Entre las cosas que viví (en la liga), yo tuve problemas con Diego Meléndez, tuve problemas con Chemba Lanauze… recuerdo que antes de mi boda tuve una pelea con Chemba allá en Ponce, y perdimos ese juego. Yo me iba a casar cuatro días después. Iba a ir a Florida a casarme. Da la casualidad que días antes hablo con mi novia y me dice, ‘trata de cogerlo suavecito para que no vengas con un ojo hinchado’. Después de la pelea, la llamo, y le digo, ‘sweetie’, quiero decirte que obviamente voy para allá para la boda, pero quiero que sepas que no voy con un ojo hinchado, ¿sabes? Voy con los dos ojos hinchados (ríe a carcajadas).

¿Así de seria fue esa pelea?

Si tú supieras que esa pelea que yo tuve con Chemba, yo me la merecía. Porque a mí me gustaba de vez en cuando, tirarle como un codazo en el área del costado, y hacerme como que yo no hice nada. Yo toqué a Chemba y me hice que nada había pasado. Entonces Chemba ha venido de atrás ‘palante’ y me ha dado un golpe en la cara que yo no sabía ni qué pasó. Y cuando voy para adelante que los compañeros me aguantan, Chemba me dio otro cantazo más. Así tuve problemas con Cheo Otero, con Mario Butler. Y en la Selección Nacional tuve forcejeos bastante fuertes con Ramón Rivas (en una práctica).
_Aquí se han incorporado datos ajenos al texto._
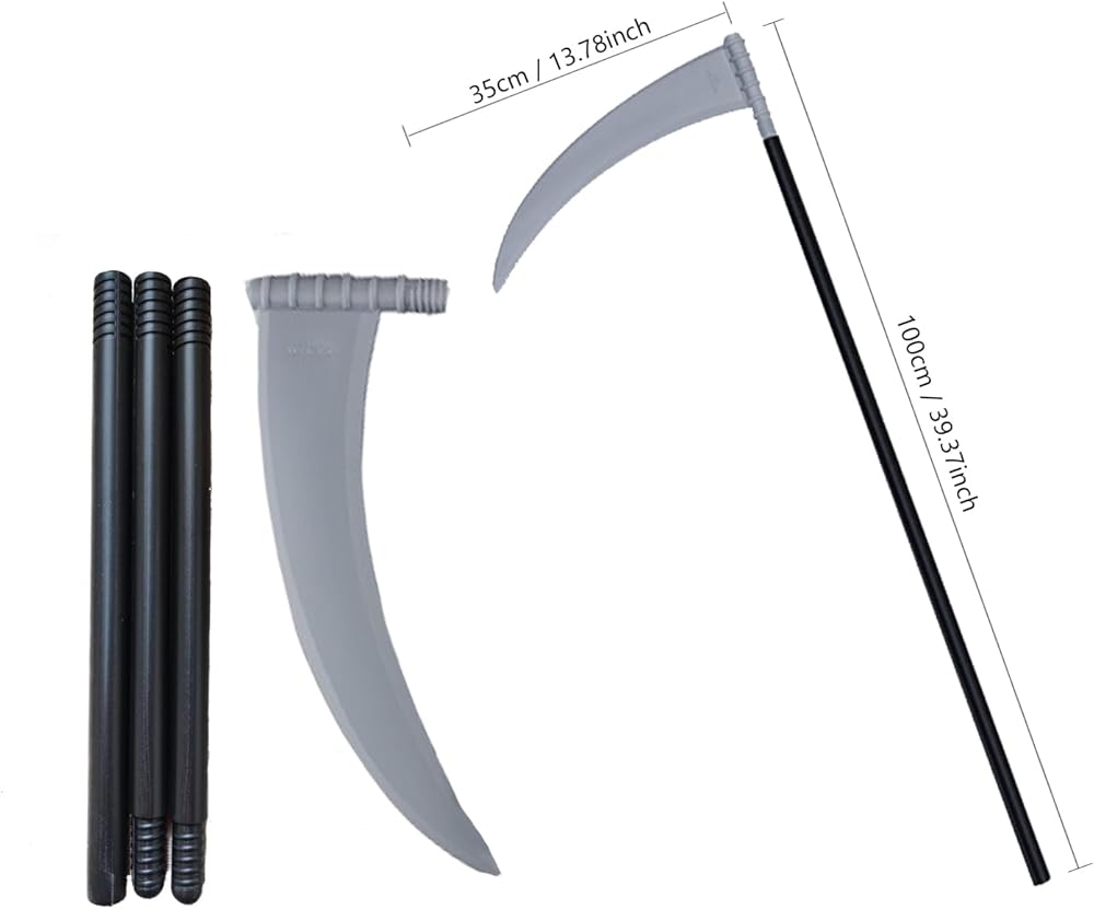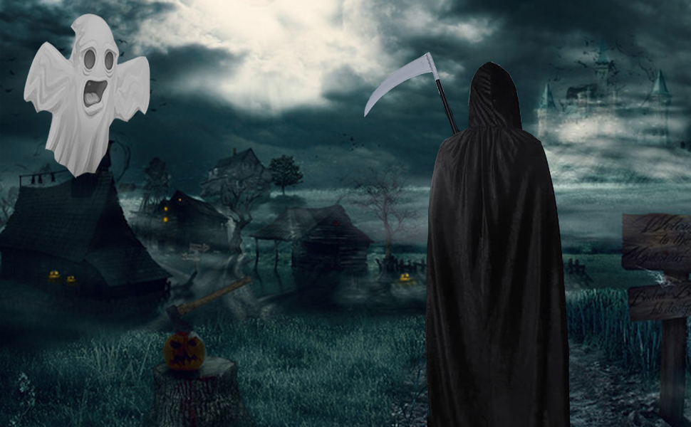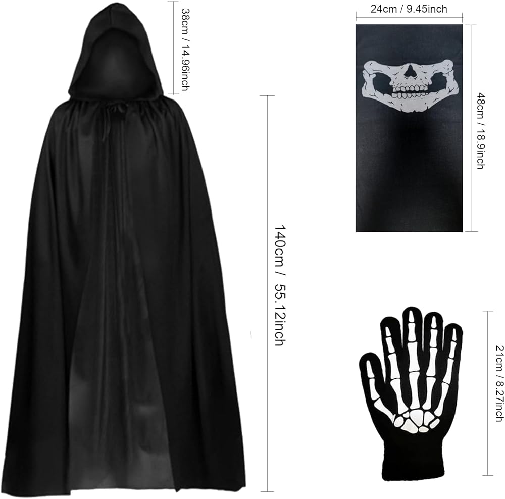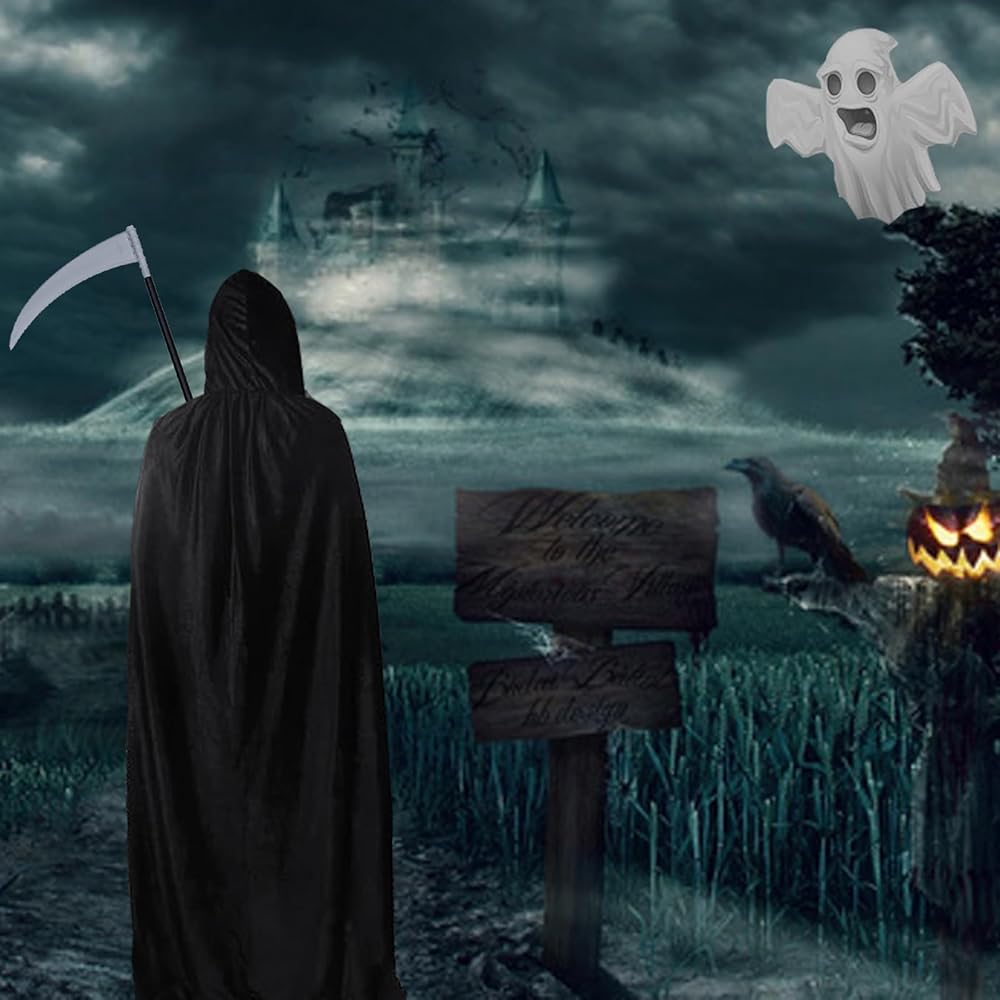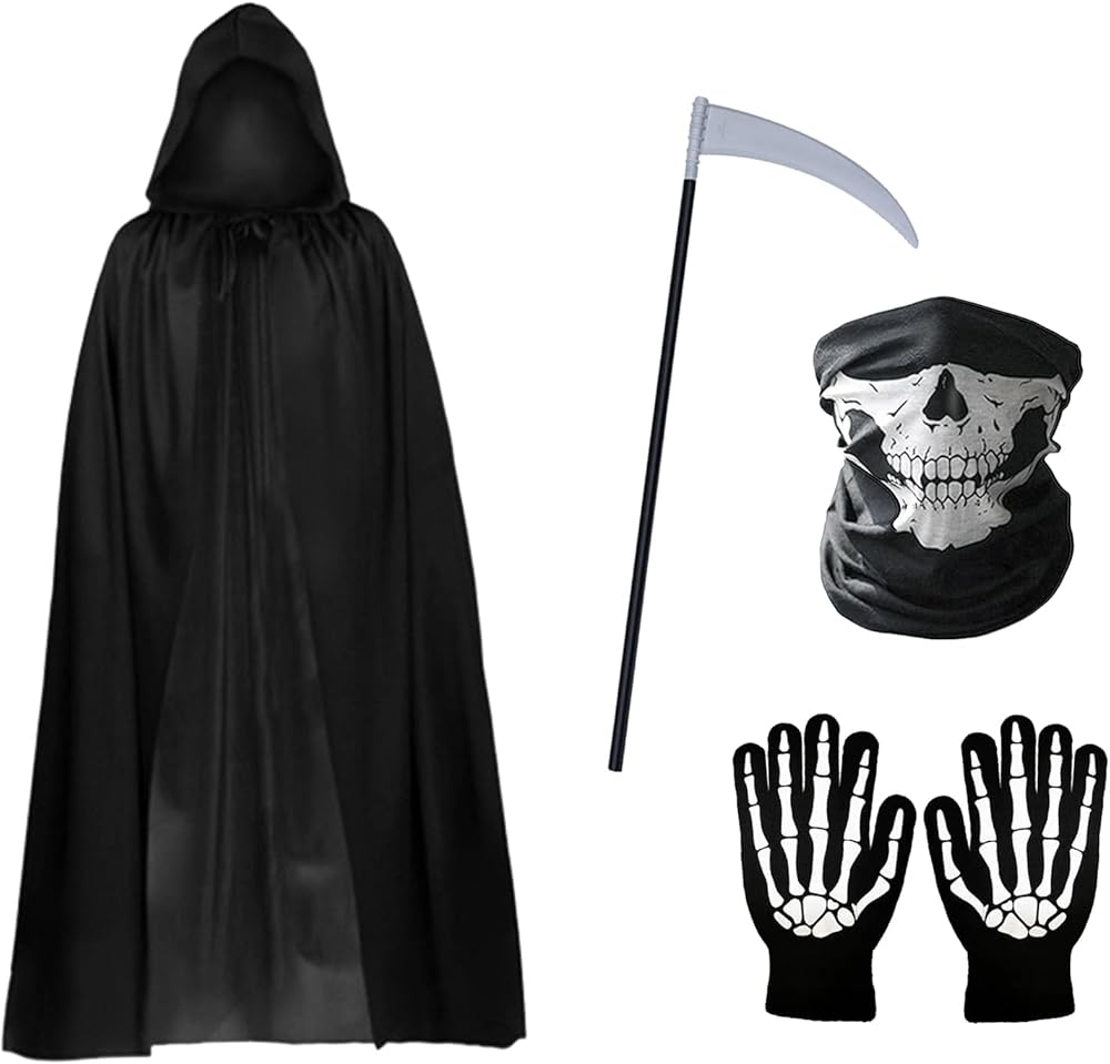 • زي مخيف: مجموعة زي حاصد الأرواح هذه مثالية للهالوين أو المناسبات التنكرية. تتضمن عباءة سوداء بغطاء للرأس، وهيكل عظمي لقناع الجمجمة، ومنجل حاصد الأرواح، وقفازات.

Eso te dice cómo éramos los jugadores en esa época.

¿De tantas historias con los Vaqueros, habrá alguna que no olvides?

Una cosa que nunca se me olvida fue una anécdota con Hetin Reyes (exapoderado), cuando él salió en 1981 y le entregó el equipo a Pedro ‘Cuco’ Ortiz. Yo comencé con Morovis mi carrera en 1980. Pero nunca se me olvida que cuando firmé con los Vaqueros (1981), tenía otras ofertas de los Capitanes de Arecibo y otros equipos. Y Hetin me dijo a mí (antes de salir), tú nunca vas a poder superarte si no juegas con el talento (con jugadores talentosos como compañeros). Yo decía, ‘cómo diablos voy a jugar aquí si hay seis manduletes allá abajo. Pero me acuerdo que por eso que me dijo Hetin fue la razón por la que firmé con Bayamón. Pensé que si jugaba con esos jugadores talentosos de Bayamón, eventualmente iba a mejorar, porque lo mismo me pasó en categorías menores. Cuando voy a novicios en el Boys Club, ese equipo tenía 5 o 6 jugadores más altos que yo. Pero más tarde empecé a despuntar y fue obviamente por jugar con competencia.